Genome optical mapping
Optical mapping is a technique that relies on the Saphyr system from Bionano Genomics to obtain the physical map, so called Optical Map, of a genome.
This label recognizes the conformity of our process with guidelines and our expertise to providethe best possible data.
Based on in-silico assembly of large DNA molecules labelled at specific sites, the Optical Map provides long-distance information revealing the structure of studied genome.
The Optical Map is then combined with sequence information to provide a high quality scaffolded genome assembly called hybrid assembly. Figure 1a et 1b
1a - Increase of N50 values of the Hybrid Scaffolds (HS) after hybrid assembly compared to the sequence assembly N50 (NGS) and the Optical Maps N50 (OMAP).
1b -Scaffold number decrease in the hybrid assembly compared to the numbers of sequence contigs and the numbers of Optical Maps (OMAP). For each plant, the targeted scaffold numbers would be equal to chromosomes numbers indicated in yellow.
The CNRGV offer to build the Optical Map of your genome of interest from the extraction of the DNA to the combination of the data generated by the Saphyr system with your sequencing data.
- Isolation of High Molecular Weight DNA from plant tissues
- Direct labeling of the DNA (DLE production)
- Loading prepared DNA on a Saphyr Chip
- Imaging of linearized DNA molecules by the Saphyr system
- Data analysis using Access software to build the optical map of the genome
Optical maps are powerful tools for understanding the structures and functions of genomes. They are particularly useful for scaffolding de novo sequences and for detecting structural variations and repetitions within complex genomes.

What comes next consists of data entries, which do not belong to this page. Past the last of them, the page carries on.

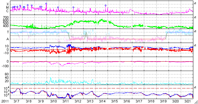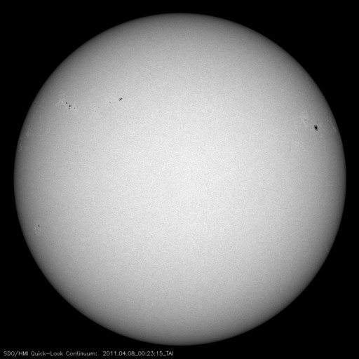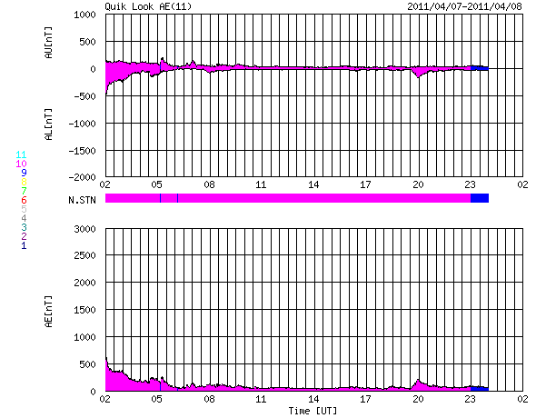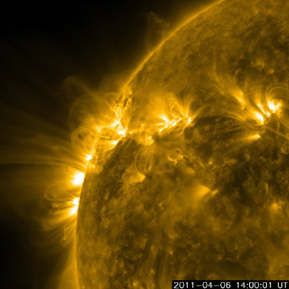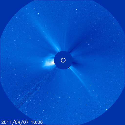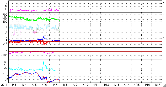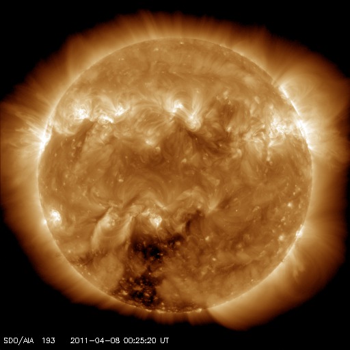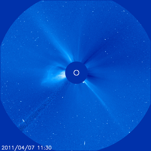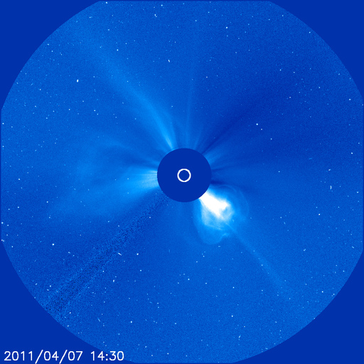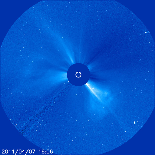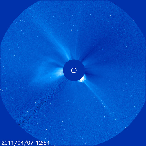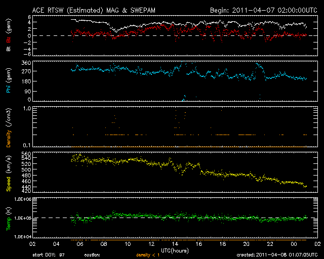 2011/ 4/ 8 10:07 更新 太陽風の擾乱は終わり、オーロラ活動は静穏です。 担当 篠原 太陽では、C1〜2の小規模フレアが3回ほど発生しています。 あまり活動的ではありません。 黒点は、北半球の西の端(右端)から、1183、1184、1185、1186黒点群と、 東端(左端)にかけて4つ並んでいます。 この東側の領域で、ループ状の明るいコロナの変動がとても美しく見えています。 SDOのAIA171による、1日半にわたる動画をご覧ください。 黒点は、南東部(左下)にも新しく出現しています。 1187黒点群です。 また、SOHO LASCO C3カメラで、 CME(太陽ガスの放出現象)が2つ観測されています。 右へ飛びだしているCMEは、太陽の裏側の現象です。 左へ飛びだしているCMEも、ほぼ真横で発生しているので、 地球への影響はないでしょう。 太陽風は、昨日いっぱい500km/秒台を保ち、 その後低下して、現在は450km/秒と高速状態は終わりつつあります。 磁場強度も、3〜4nTと弱めになっています。 磁気圏のオーロラ活動も、激しかったのは昨日のニュースの頃までで、 以降は磁場が北寄りになったため、AE指数はほとんど変動していません。 太陽風は速度も下がったので、磁気圏はしばらく穏やかになるでしょう。 SDO AIA193によると、太陽のコロナには、 南半球側に南極から伸びるコロナホールが見えています。 先頭がちょうど太陽の中心線を越えたところで、 3日後にどのくらいの影響がやって来るか、 緯度が高めなので、影響の度合いが注目されます。 放射線帯の高エネルギー電子は、下がったままでほとんど上昇していません。 太陽風の乱れも終わり、今回はこのまま低いレベルに留まりそうです。 SDO衛星のAIA171カメラによる、太陽東側のコロナループの変動。 (c) SDO (NASA)、動画加工 : 宇宙天気ニュース ![]() SOHO衛星 LASCO C3カメラの映像 (c) SOHO (ESA & NASA)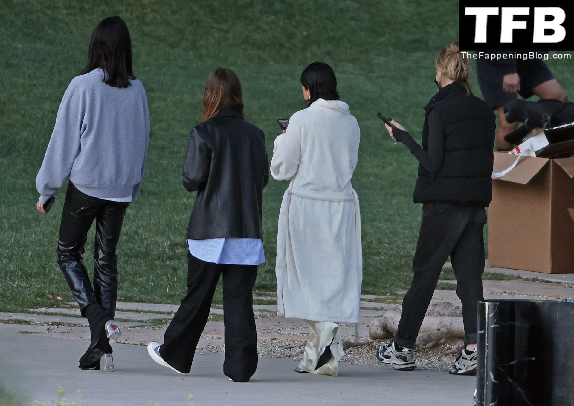 En otro momento del día, la mamá de tres recientemente comprometida se apoyó en su asistente Elizabeth mientras se equilibraba con otro par de tacones plataforma blancos, vistiendo una larga bata de seda y un albornoz blanco encima.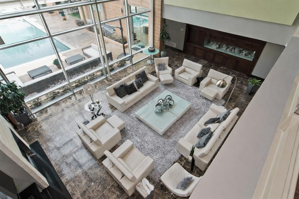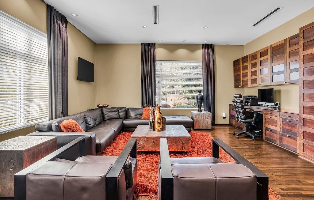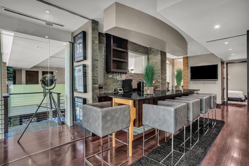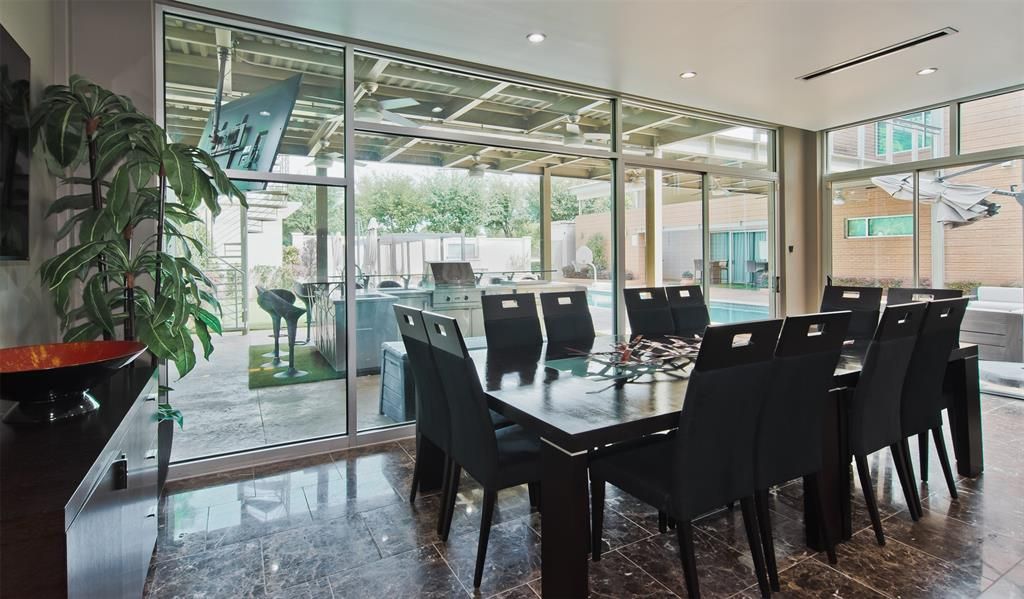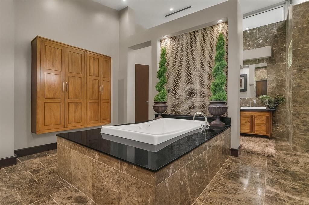 This stunning contemporary home sits gracefully on a prominent corner lot, offering a striking modern design that thoughtfully separates everyday living from entertainment. Bedrooms are tucked privately on one side of the home, while the chef-inspired kitchen and expansive living areas flow together on the other. The kitchen showcases elegant pendant lighting, Viking appliances, and clear views of the backyard oasis. Warm interior tones, recessed lighting, tall ceilings, and floor-to-ceiling windows in the living room create a bright, inviting atmosphere, enhanced by a large built-in aquarium perfect for Nemo and all his fish friends. The living room's breathtaking window wall frames spectacular views of the resort-style pool, which can also be enjoyed from the kitchen, dining room, primary suite, and the dramatic catwalk balcony. The second floor is an entertainer's dream, ideal for sports lovers and movie enthusiasts alike. It features a true movie-style media room, a spacious gameroom, and a large wet bar with an elongated serving counter"”perfect for hosting game nights, watch parties, or relaxed gatherings. From this upper level, guests enjoy direct access to the balcony overlooking the resort pool, creating a seamless indoor-outdoor experience. Outside, the home transforms into a private paradise with an outdoor kitchen, sparkling pool with a waterfall and hot tub, relaxing cabanas, a putting green, and a spiral staircase leading effortlessly to the upstairs balcony. The primary bedroom offers a luxurious retreat with a tray ceiling, cozy fireplace, walk-in closet, private patio, and tranquil pool views, while additional bedrooms provide generous space, walk-in closets, and ensuite bathrooms. Completing this exceptional property is a spacious 4-car garage with ample room for vehicles, tools, and storage"”making this modern masterpiece as functional as it is beautiful.

Comparing several individual optical maps will allow you to highlight the structural variations and sequence copy number variation while providing positional information.
Since the installation of the first Bionano system in 2016, the CNRGV has carried out numerous projects to improve genome assembly or to analyse the structural variations between different genotypes. Figure 2
Figure 2: Number of optical maps produced at CNRGV per year and related species.

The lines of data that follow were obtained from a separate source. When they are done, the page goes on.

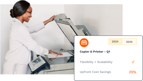 All our printer and copier leasing options include technology services like document management, workflow optimization, and around-the-clock support. Whether you choose inkjet printers, multifunction printers(MFPs), all-in-one printers, production printers, wide-format printers, black-and-white or color laser printers, color printers, or commercial printers or copiers, we make it easy to lease and maintain office equipment while boosting productivity.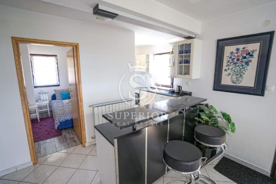 Prizemlje: prostrani dnevni boravak sa šankom, kuhinja, blagovaonica, ostava, spavaća soba i kupaonica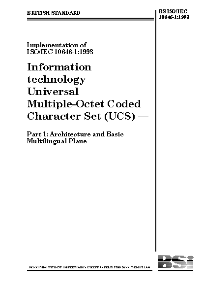 Information technology. Universal Multiple-Octet Coded Character Set (UCS) Architecture and Basic Multilingual Plane

Example of Optical maps to improve the genome assembly quality :
- Sunflower as part of the SUNRISE project: optical map with a 175Mb N50 and 25 maps for 17 chromosomes. Improvement of the genome scaffolds N50 by 350 times reaching chromosome size.
- Tomato: optical maps with 60 Mbp N50 and only 30 maps for 30 chromosomes.

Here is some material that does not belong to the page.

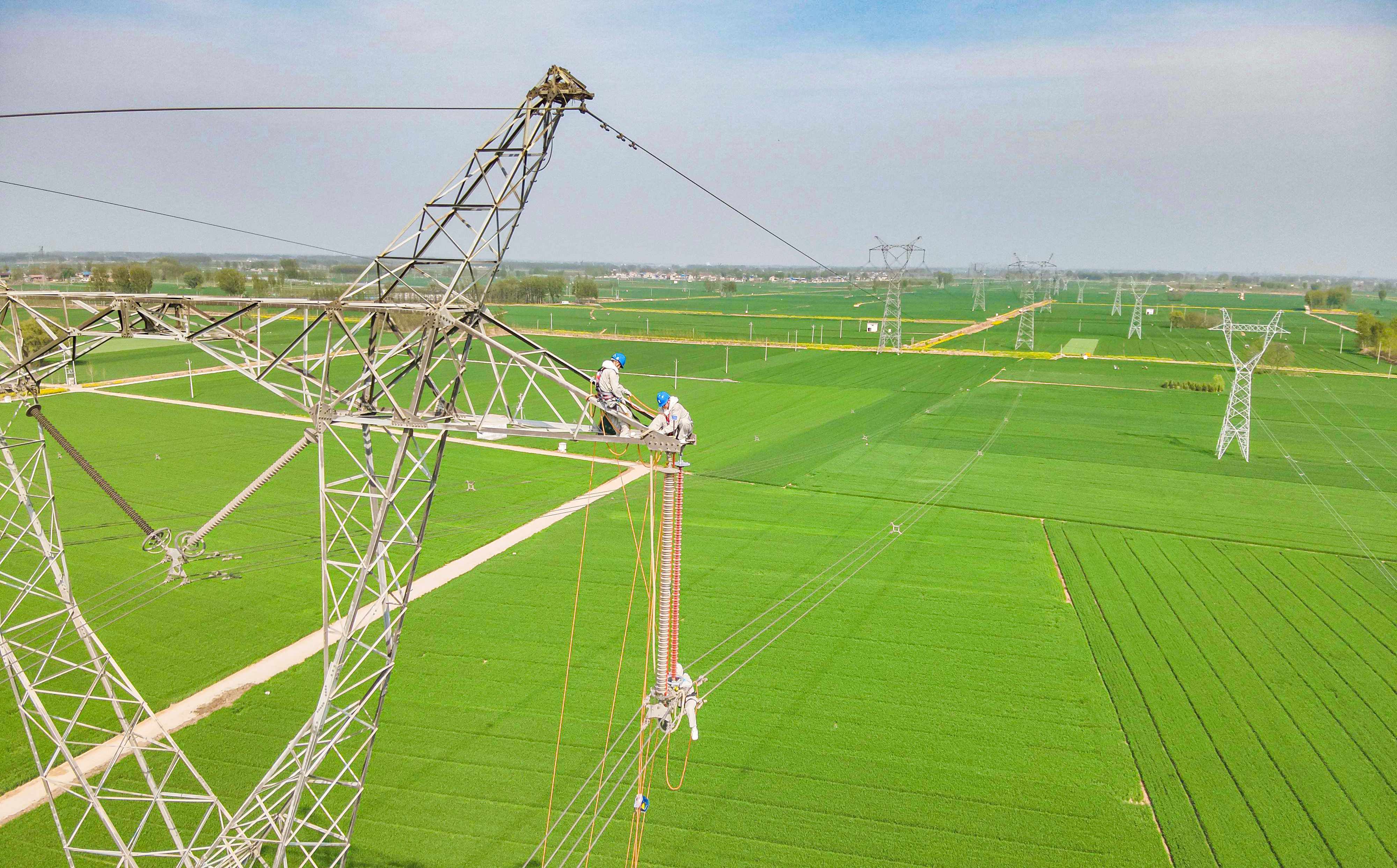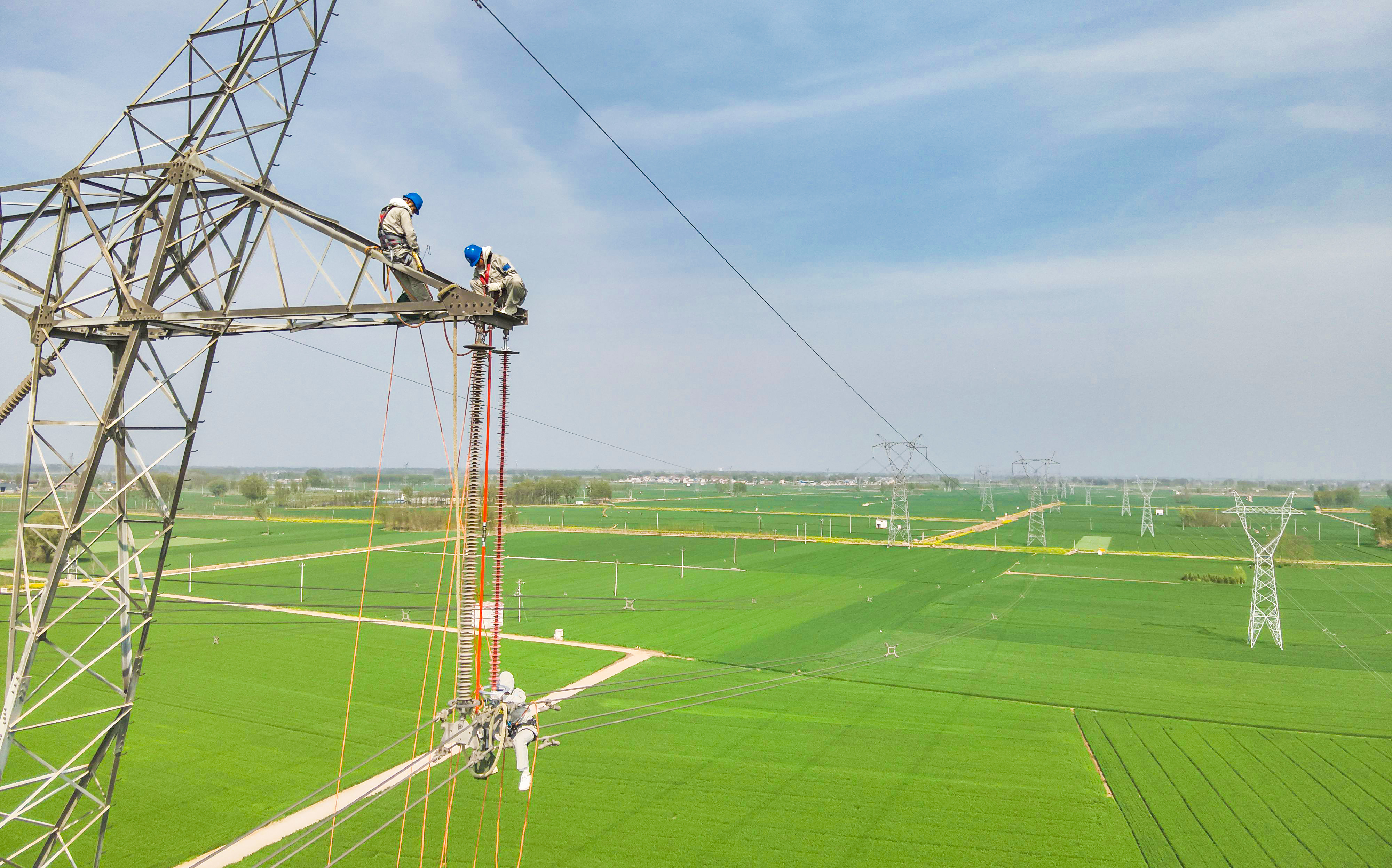 中国能源新闻网讯(韩旭)4月11日,在河南省延津县500千伏祥塔Ⅰ线春检现场,国网河南超高压公司员工开展带电作业更换发热复合绝缘子,作业人员利用“电动升降装置”进入等电位,历时3小时消除线路缺陷,保障线路安全稳定运行。

- Maize as part of AMAIZING project : Validation of the NRGene maize assemblies with optical maps reaching N50 >100 Mb
- Bread wheat, Renan genotype, as part of the WHEATomics project: optical maps will be combine with long reads produced by the third generation sequencing platform.
Example of Analysis of structural variations by comparing optical maps of several genotypes:
- Comparison of two rapeseed genotypes in the ANR CROC project.
- Comparison of optical maps produced from wild and Landrace sunflower populations. Project in collaboration with B. Blackman, Berkley University, California.